Ultimately, EMC lowered their product service costs to 12 - 15 percent, which resulted in not only millions of dollars of savings for EMC, but much more satisfied and efficient customers. The internal impacts at EMC were noticeable as well. Numerous people in different organizations were affected by the goals tied to decreasing the percentages of DU and DL. The organizational and individual goals were black and white—if they hit their committed targets, they got bonuses. Colborne commented “When you have those kind of incentives hanging over your head as part of your compensation plan, you can guess what kind of focus these projects actually get.”

Measurable Impact

EMC measures customer satisfaction in relation to the TCE program through both internal and external surveys. Since the inception of TCE, the numbers for customer loyalty and satisfaction have markedly increased. Not to mention, when a company creates a more stable, reliable product then the potential for significantly increased sales can be dramatic.

For EMC, this became a reality with their Clariion product. Struggling with some initial reliability issues, technical people in the field began a concerted effort to feed information back to the engineering organization.

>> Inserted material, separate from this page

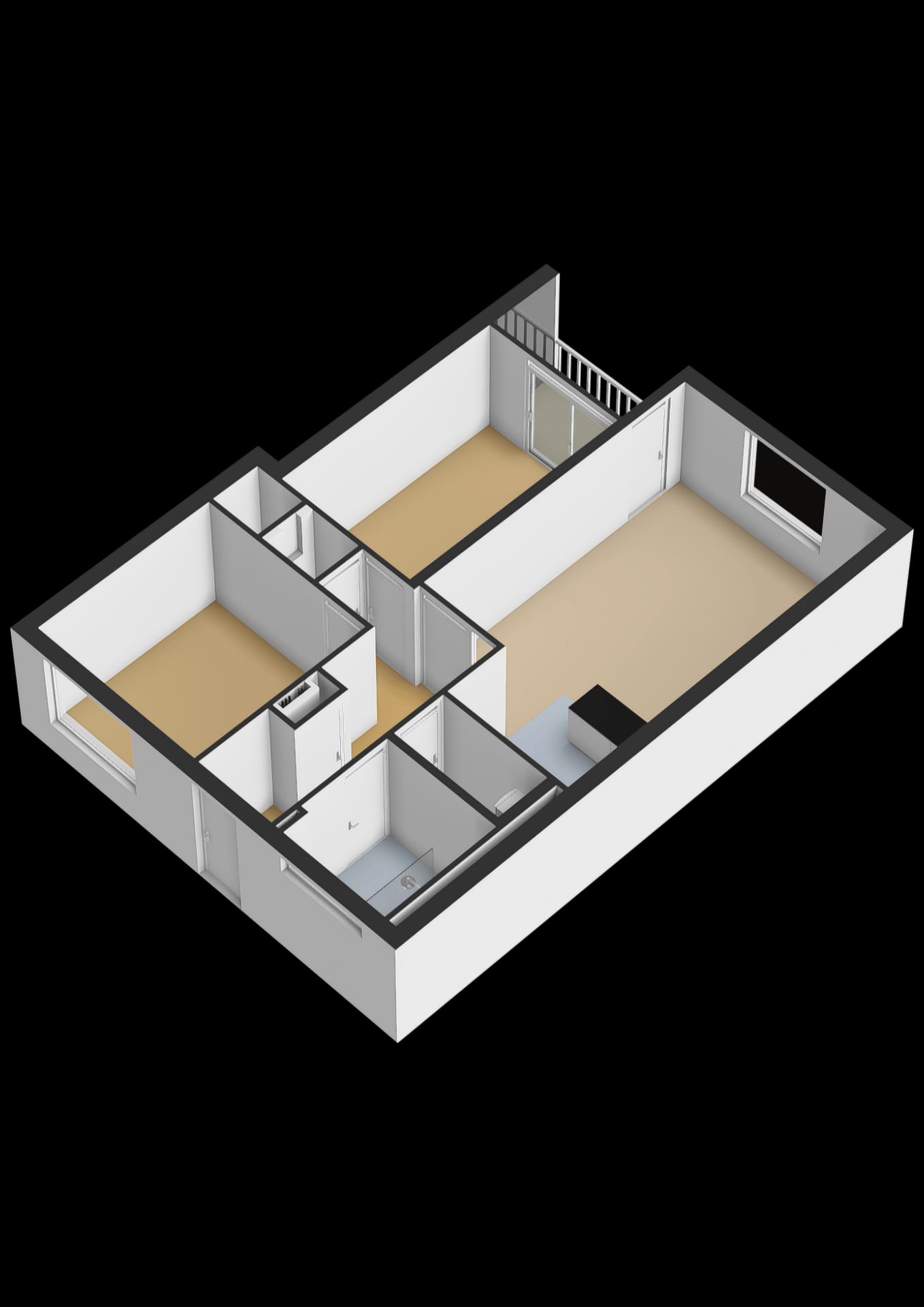 De twee slaapkamers zijn verrassend ruim en praktisch ingedeeld, met de hoofdslaapkamer aan de achterzijde en directe toegang tot het balkon. Ideaal als je op warme dagen even de deuren open wilt zetten. De tweede kamer is perfect als logeerkamer, werkplek of hobbyruimte. De badkamer is keurig en compleet met een inloopdouche en wastafel. Daarnaast is er een aparte ruimte voor je wasmachine en extra berging, handig én overzichtelijk.

The TCE program inspired a structured collaboration between customer service and design engineering to improve the product based in part on feedback from the field. This resulted in product improvements that significantly stabilized the installed base, and actually was utilized as design criteria for subsequent product releases, which have proven to be many times more reliable.

Additionally, because of the augmented stability of the improved product, it allowed EMC to slow down hiring, utilize lower-cost employees, and off‑shore more functions which didn’t make sense before reliability was improved. Colborne states, “Off-shoring wasn’t a possibility with a less-reliable product because I needed my best and brightest involved.”

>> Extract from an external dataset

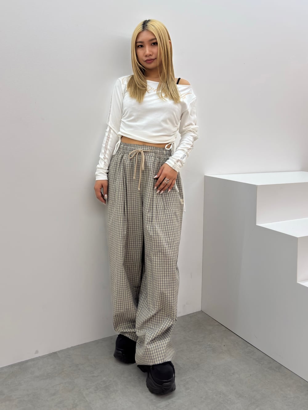 【トップス】 肩を落としてワンショルダーとして着ることができたり、サイドギャザーを絞ることで丈の長さを調節できるので、お好みの着こなしをしていただけます✨️袖のさり気ないレースラインもポイントです💞 【パンツ】 ウエストがゴム仕様なので楽に着ていただけます❗️しっかり太さのあるルーズなシルエットのパンツなので、ピタッとしたタイトなトップスと合わせるスタイリングがおすすめです✨️ 【スニーカー】 ボリュームのあるエアソールが長めのパンツでもミニスカート合わせでも存在感のある足元にしてくれます✨️約9センチのソールですが傾斜がなく、とても軽いのでたくさん歩いても疲れにくい設計になっています⭕️23.5センチでMサイズ着用です!
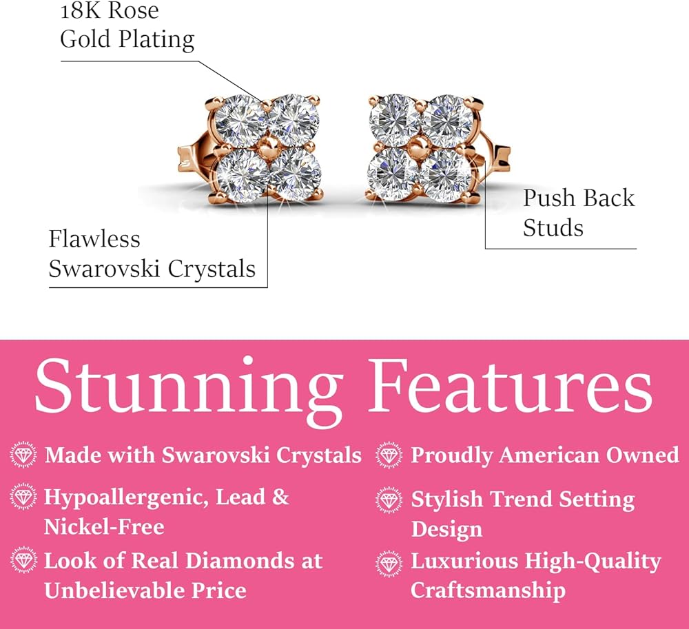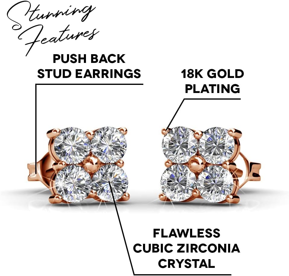 HIGH QUALITY LUXURY DESIGNER STUD EARRINGS These Rae pave stud earrings are beautifully crafted with crystals that will enhance any wardrobe choice making it the perfect gift for that special someone! KEY FEATURES: MATERIAL: 18k White Gold Plated Brass STONE TYPE: Crystals BACKING: Butterfly Lead-Free, Nickel-Free Includes Luxury Ribbon Jewelry Box BEST USES: Fashion Jewelry Bridal Jewelry Wedding Jewelry Special Occasion Jewelry Bridesmaid Jewelry Jewelry for Work Jewelry Gifts Fancy Jewelry GIFT IDEAS FOR HER - Women, ladies, girls, teens, children, wife, mom, daughter, girlfriend, her, wedding gifts ideas, girlfriend gift ideas, last minute gift ideas, bridal shower gift ideas, birthday gift ideas, teacher gift ideas, college gift ideas, teen gift ideas, engagement gift ideas, anniversary gift ideas, wife gift ideas, graduation gift ideas, or any gift for her. SHOP WITH CONFIDENCE - This is sold by Cate and Chloe, a leader in quality designer jewelry. Shop our entire collection which includes jewelry, necklaces, earrings, rings, bracelets, and other fine jewelry and accessories. Cate and Chloe strives to provide the highest level of quality, craftsmanship, and timeless designs that you can flaunt from the office to the red carpet.

Ultimately, customer satisfaction and product reliability—whether it's software, hardware, or networks—is paramount to growing your business and increasing your margins.

Why We Love TCE

EMC’s Total Customer Experience program is a perfect example of “if you build it, they will come”. Very different organizations fell in line under Tucci's directive, and the pay off—in various forms—has been significantly high. The program is ongoing and evolving with EMC’s products, people, and processes. TCE was never designed to be a short-term turn-around project, but a rich program which continues to cultivate customer loyalty and better margins. Every quarter, EMC holds a TCE executive summit where each of the operational disciplines presents what they've done to share goals, meet objectives and benefit the customer in the past quarter. It's a program that has proven to be very successful from a revenue and margin standpoint, as well as creating enhanced customer satisfaction and a better, more collaborative feeling amongst employees.